Comment by perching_aix
6 days ago
> But the server program has to be released when the official servers are shut down. Which means this possibility has to be prepared for throughout development.
... which is why it doesn't pass my smell test.
Say you're working on either a monolithic game server codebase, or just a microservice that's a part of a larger service mesh fulfilling that role. Are you writing any tests? You probably (hopefully) do. So where's that code gonna run the first time before it's even pushed up to version control? Locally. So some extents of it definitely have to run locally, or if you have good test coverage, all of it.
But okay, let's go a layer further. Say you're trying to go into production with this. As the saying goes, everyone has a production environment, but the lucky folks "even" have others. This sarcastically implies that you need to be able to deploy your solution into multiple environments. And you don't want to be doing this manually, because then e.g. you have no CI/CD, and thus no automated testing on code push. That's not even considering multi-geo stuff, because for multiplayer games I imagine latency matters, so you really want to deploy either to the edge or close to it, and will definitely want to be all around the world, at least in a few key places.
So you can test locally, and can deploy automatically. Tell me, what is the hold up then? It would take me approximately one entire minute to give you the binaries for anything I ever touch, because if I couldn't do that, the automation wouldn't be able to do so either. At some point, the bullshit has to end, and that's at operations.

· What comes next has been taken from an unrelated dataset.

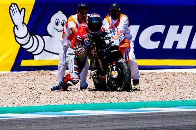 Et pourtant, l’Italien a tout essayé pour rejoindre la course espagnole pour tenter de marquer des points. Jusqu’à repartir avec la Ducati frappée du 99 ! La preuve avec ces images. L’émotion ou tentative désespérée ?

Not much docs to write either: if your stuff does anything super super custom, you're doing something very wrong. And respectfully, if the aforementioned do not apply to you, you shouldn't be operating any online service at scale in production for anyone in 2025.
Really the only technical wrenches you can throw into this that I can think of are licensing and dependencies. Neither of these are reasonable spots to be in from an economical or a technical standpoint. Like what, you can't mock other services? How are you testing your stuff then? Can't change suppliers / providers? How is that reasonable from a business agility standpoint?
So clearly if there is a salient technical rationale for this, it's going to have to be a very sharp departure from anything I've ever experienced in non-gaming enterprise, or my common sense.
Regarding all the other points (and this will read dismissive because I've already rambled on way too long and I'm trying to keep it short, I genuinely don't mean it like that):
- if you're writing an MMORPG as a small up-and-coming indie, you're definitely going bankrupt
- if you're writing an MMORPG, I'm pretty sure you'll have more than just one or two servers running, or there's nothing massive about that multiplayer online role playing game after all
- it does not require you to continually release anything
- it does not request you to release documentation (what is there to "document" btw? I'm certainly not imagining too much)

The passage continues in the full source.